• What the task asks: In the material below, find the line containing "Znbbw Puff Long" and the line containing "包头市心博(中国)XINBO". Output those two lines and all lines between them exactly, without pictures.

• Data shown:
*-*-*

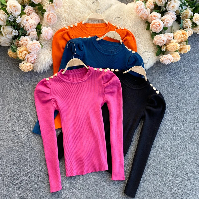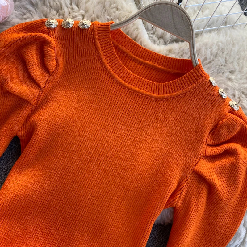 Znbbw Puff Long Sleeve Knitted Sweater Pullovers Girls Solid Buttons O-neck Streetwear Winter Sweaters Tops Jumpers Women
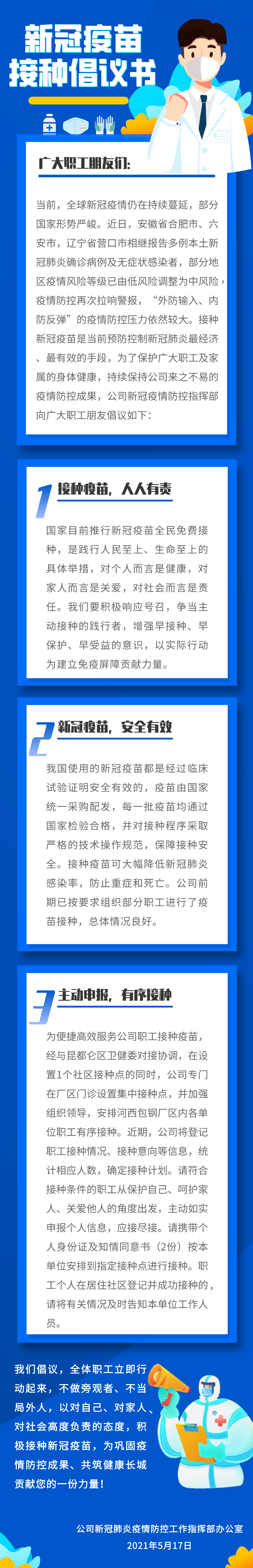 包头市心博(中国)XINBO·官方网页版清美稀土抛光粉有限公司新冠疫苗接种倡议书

*-*-*

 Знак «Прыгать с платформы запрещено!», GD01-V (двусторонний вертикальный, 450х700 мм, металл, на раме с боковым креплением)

*-*-*

• Task solution:
 Znbbw Puff Long Sleeve Knitted Sweater Pullovers Girls Solid Buttons O-neck Streetwear Winter Sweaters Tops Jumpers Women
 包头市心博(中国)XINBO·官方网页版清美稀土抛光粉有限公司新冠疫苗接种倡议书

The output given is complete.